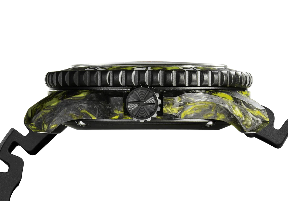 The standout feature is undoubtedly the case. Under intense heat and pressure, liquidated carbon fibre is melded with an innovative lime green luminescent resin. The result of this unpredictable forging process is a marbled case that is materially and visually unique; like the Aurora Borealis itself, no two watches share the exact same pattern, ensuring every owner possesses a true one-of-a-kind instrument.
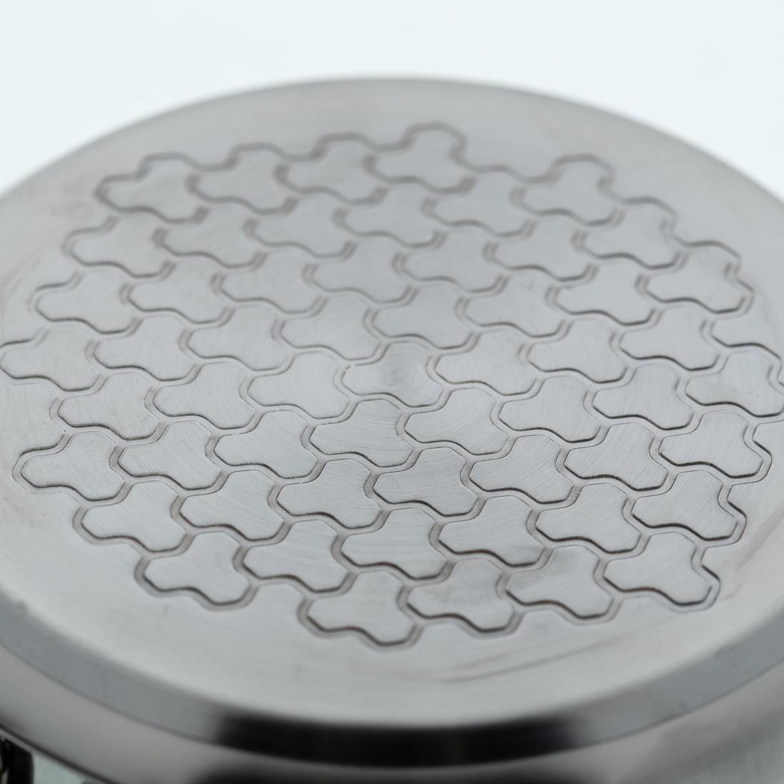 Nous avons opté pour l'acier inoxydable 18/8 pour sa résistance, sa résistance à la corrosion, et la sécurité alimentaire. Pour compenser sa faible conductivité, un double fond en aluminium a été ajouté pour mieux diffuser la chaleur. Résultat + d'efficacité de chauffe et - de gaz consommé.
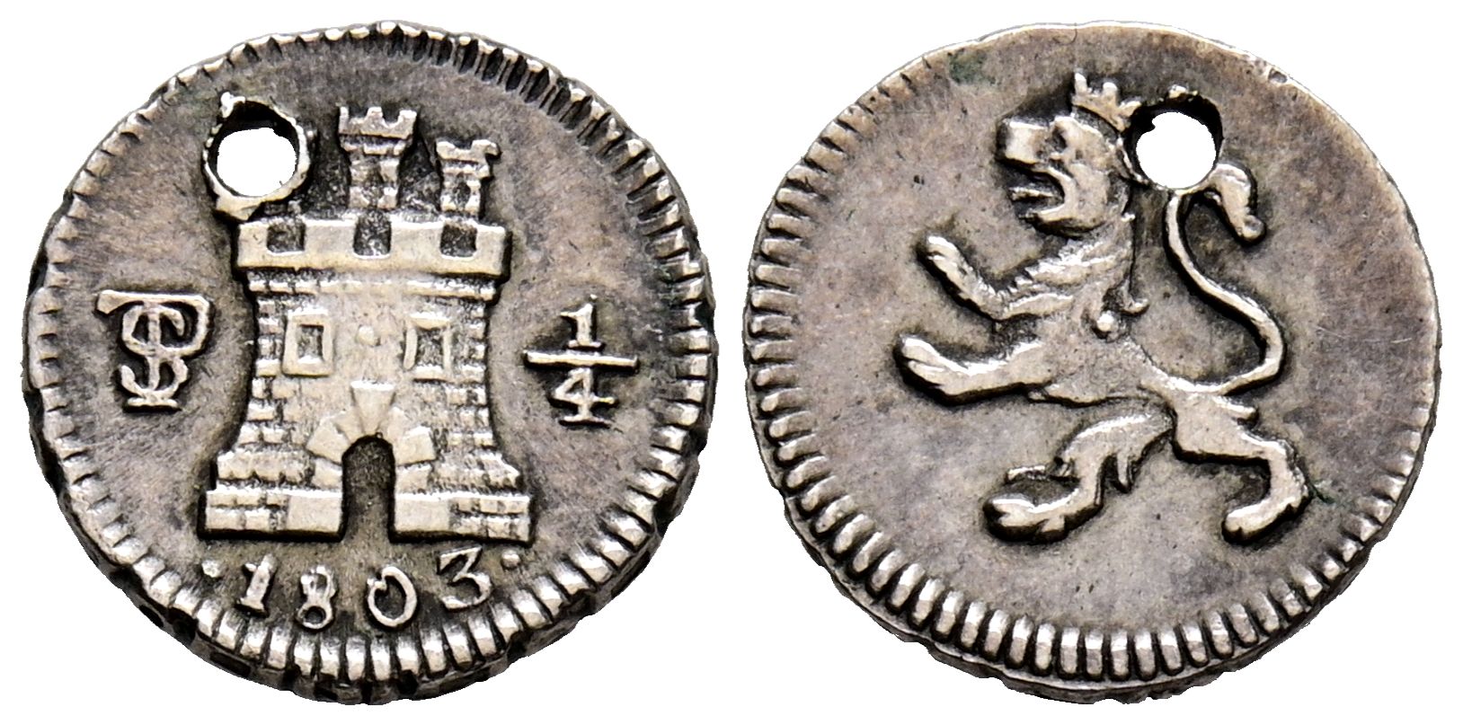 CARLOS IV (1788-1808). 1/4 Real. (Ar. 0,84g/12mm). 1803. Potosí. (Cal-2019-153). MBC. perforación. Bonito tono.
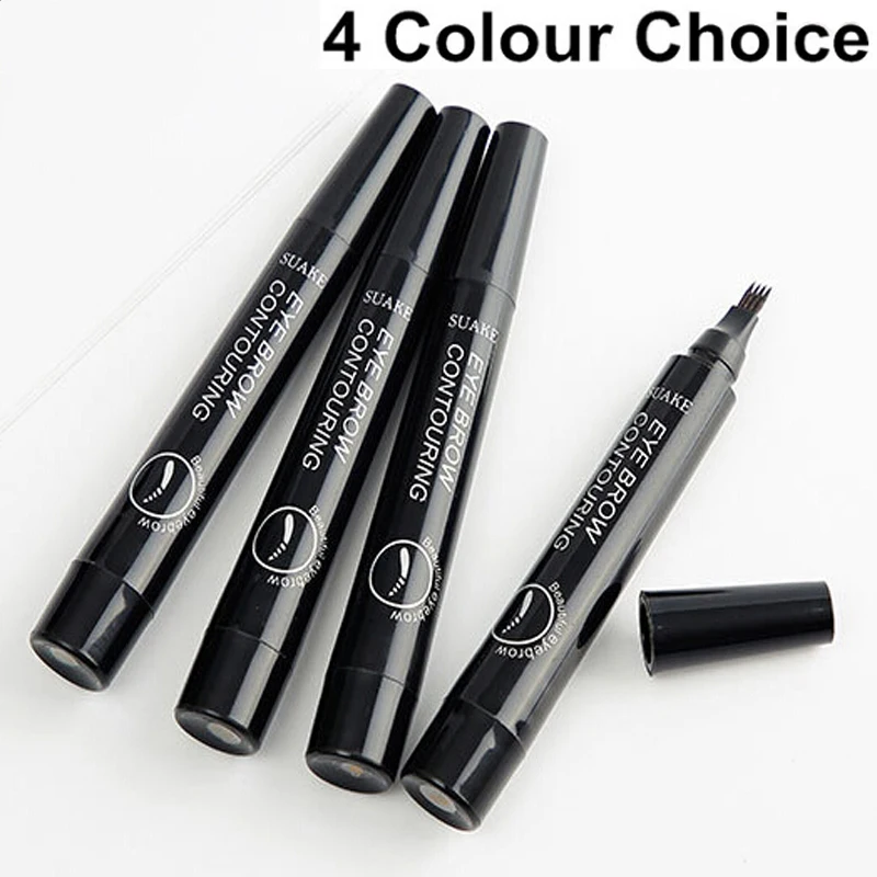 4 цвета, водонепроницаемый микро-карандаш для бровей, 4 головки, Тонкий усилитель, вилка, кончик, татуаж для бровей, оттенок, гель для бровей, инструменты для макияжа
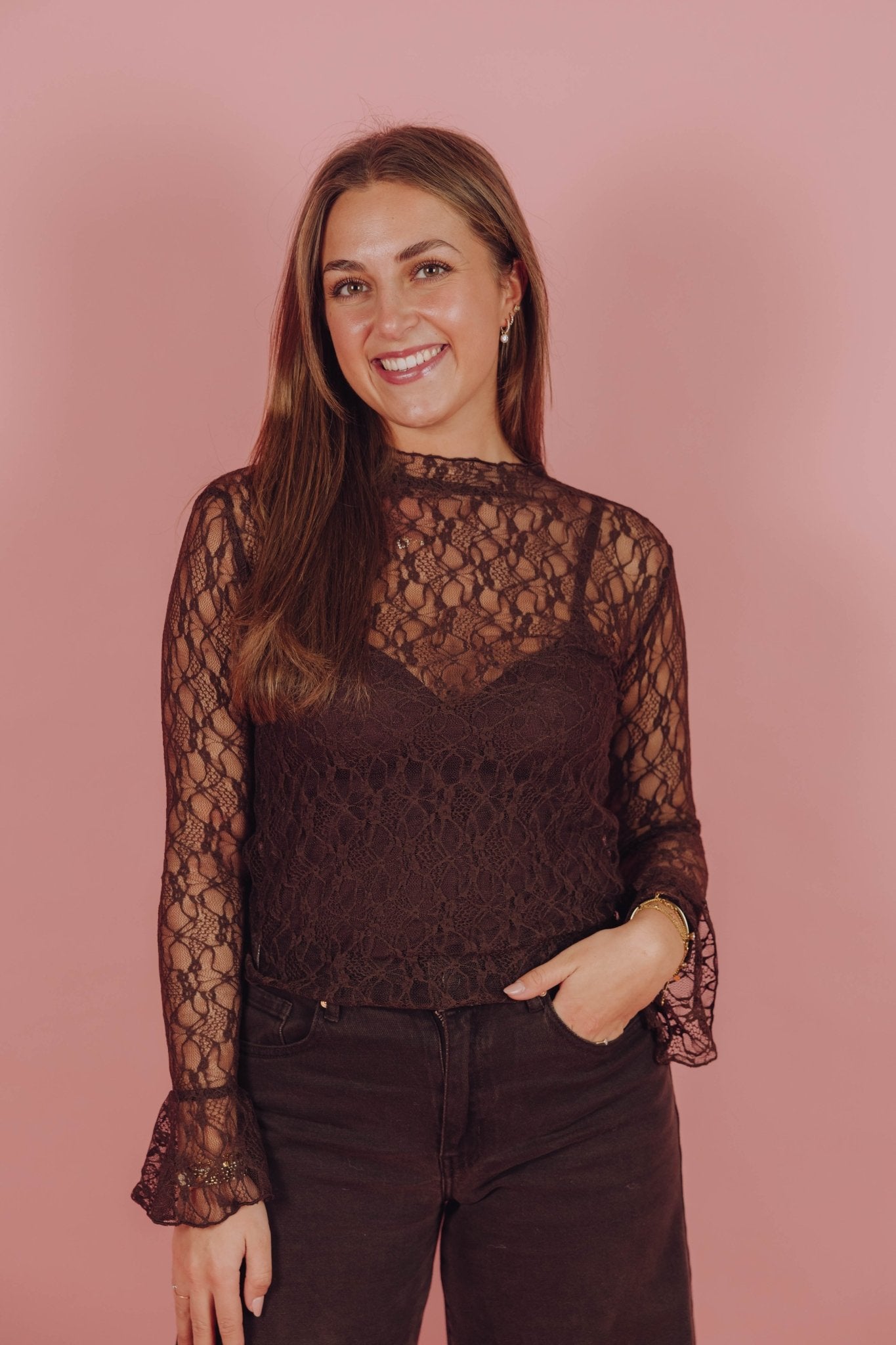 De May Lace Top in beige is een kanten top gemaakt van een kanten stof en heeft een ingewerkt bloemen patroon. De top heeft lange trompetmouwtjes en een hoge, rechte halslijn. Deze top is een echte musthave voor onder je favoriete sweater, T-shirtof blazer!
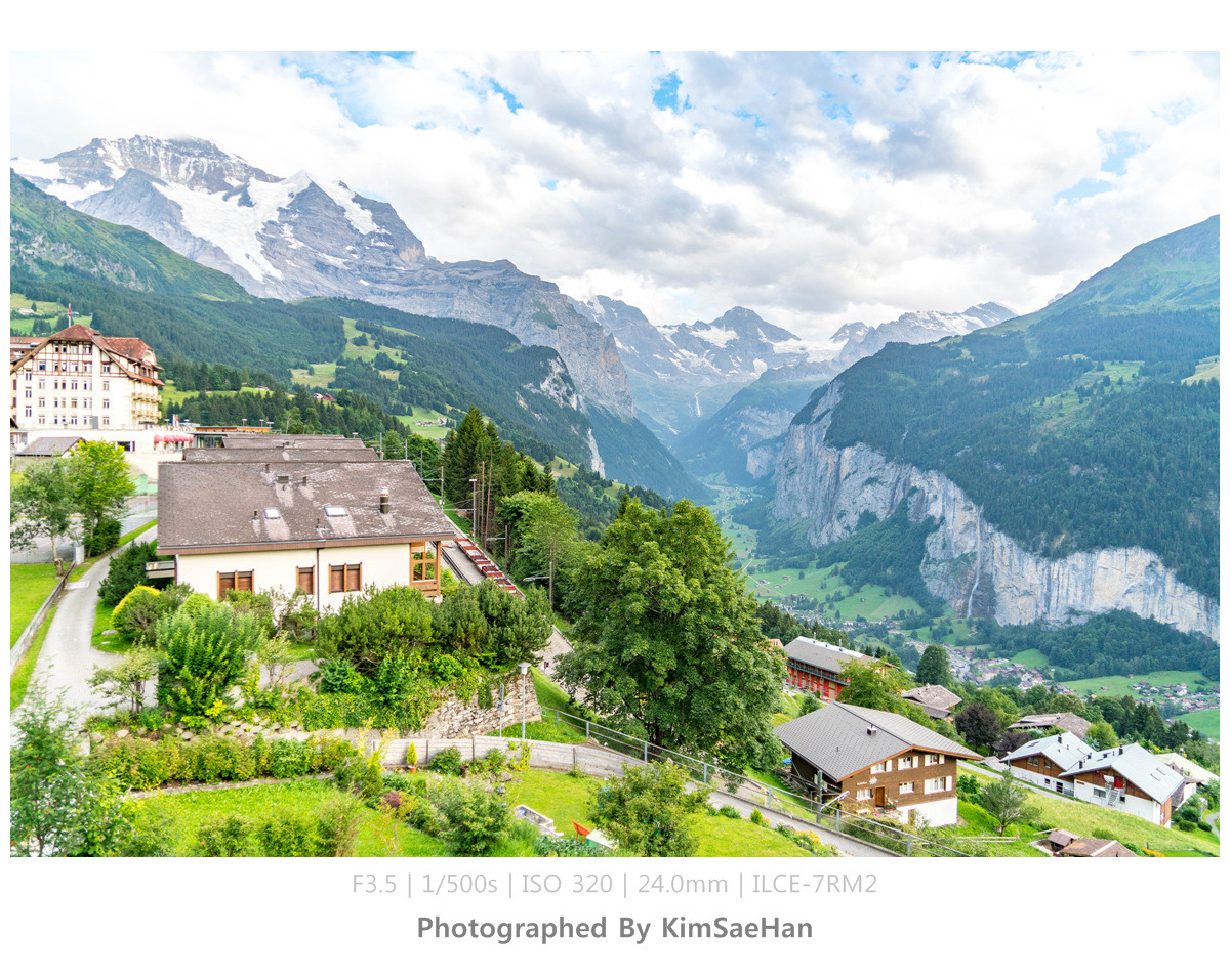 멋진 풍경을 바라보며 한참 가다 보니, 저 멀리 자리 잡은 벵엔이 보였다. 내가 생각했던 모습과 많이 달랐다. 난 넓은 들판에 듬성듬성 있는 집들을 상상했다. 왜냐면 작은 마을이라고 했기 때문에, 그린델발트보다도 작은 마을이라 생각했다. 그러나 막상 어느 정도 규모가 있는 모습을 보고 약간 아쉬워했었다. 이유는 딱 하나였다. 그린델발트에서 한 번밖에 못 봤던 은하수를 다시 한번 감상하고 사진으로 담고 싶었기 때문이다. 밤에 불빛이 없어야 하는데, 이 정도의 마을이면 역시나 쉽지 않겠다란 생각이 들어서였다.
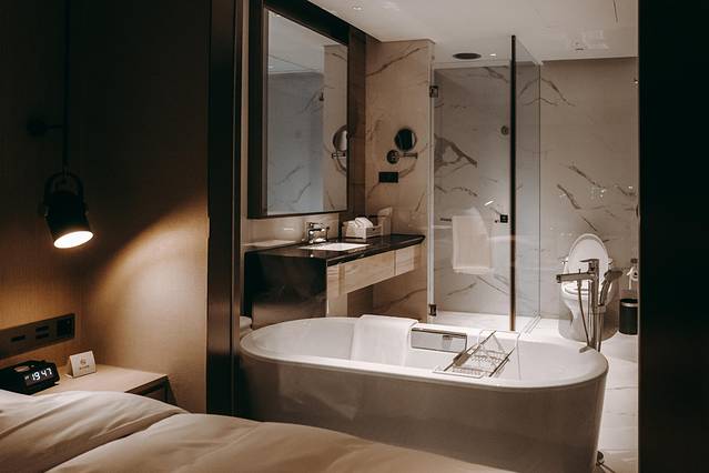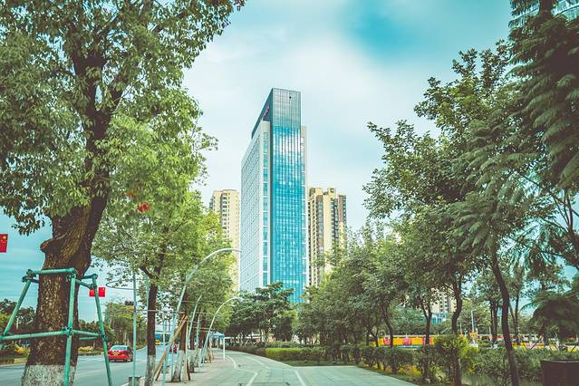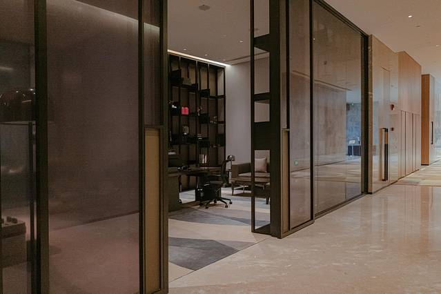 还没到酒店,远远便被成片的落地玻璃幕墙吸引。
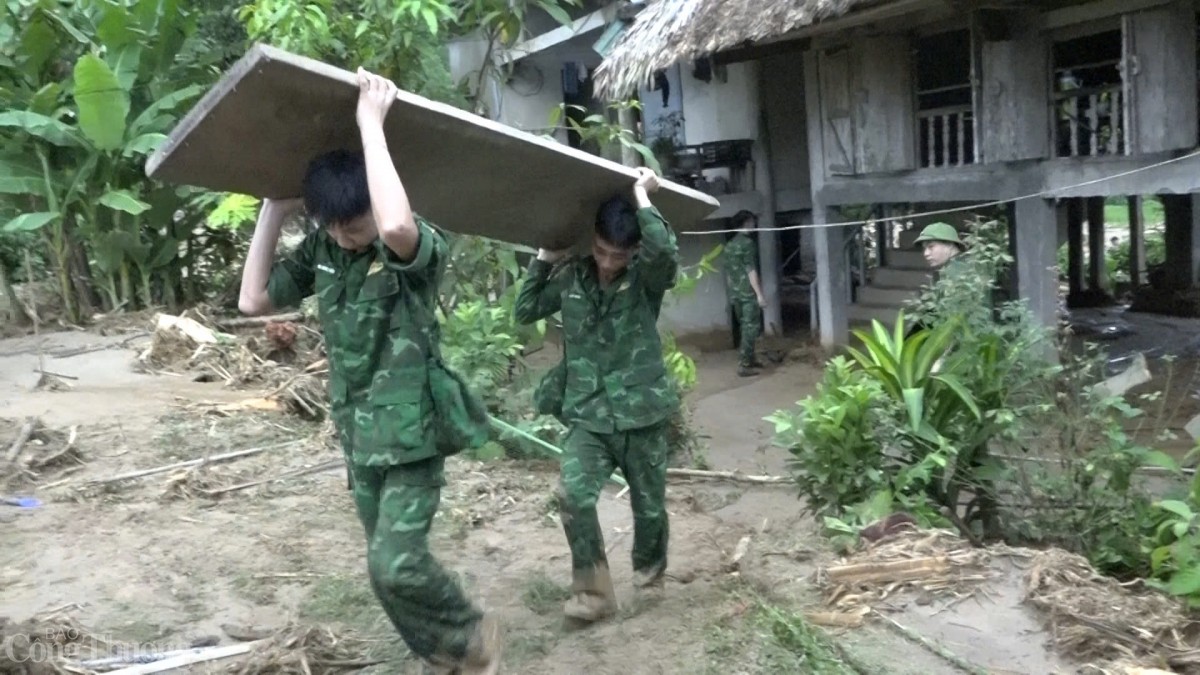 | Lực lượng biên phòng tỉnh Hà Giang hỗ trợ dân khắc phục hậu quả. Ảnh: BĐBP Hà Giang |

◆ ◆ ◆

**Exercise requirements:**
Only the lines from the one containing "CARLOS IV (1788-1808)." through the last line of the entries, both included, should be repeated exactly, and the pictures should be left out.

**Output:**
 CARLOS IV (1788-1808). 1/4 Real. (Ar. 0,84g/12mm). 1803. Potosí. (Cal-2019-153). MBC. perforación. Bonito tono.
 4 цвета, водонепроницаемый микро-карандаш для бровей, 4 головки, Тонкий усилитель, вилка, кончик, татуаж для бровей, оттенок, гель для бровей, инструменты для макияжа
 De May Lace Top in beige is een kanten top gemaakt van een kanten stof en heeft een ingewerkt bloemen patroon. De top heeft lange trompetmouwtjes en een hoge, rechte halslijn. Deze top is een echte musthave voor onder je favoriete sweater, T-shirtof blazer!
 멋진 풍경을 바라보며 한참 가다 보니, 저 멀리 자리 잡은 벵엔이 보였다. 내가 생각했던 모습과 많이 달랐다. 난 넓은 들판에 듬성듬성 있는 집들을 상상했다. 왜냐면 작은 마을이라고 했기 때문에, 그린델발트보다도 작은 마을이라 생각했다. 그러나 막상 어느 정도 규모가 있는 모습을 보고 약간 아쉬워했었다. 이유는 딱 하나였다. 그린델발트에서 한 번밖에 못 봤던 은하수를 다시 한번 감상하고 사진으로 담고 싶었기 때문이다. 밤에 불빛이 없어야 하는데, 이 정도의 마을이면 역시나 쉽지 않겠다란 생각이 들어서였다.
 还没到酒店,远远便被成片的落地玻璃幕墙吸引。
 | Lực lượng biên phòng tỉnh Hà Giang hỗ trợ dân khắc phục hậu quả. Ảnh: BĐBP Hà Giang |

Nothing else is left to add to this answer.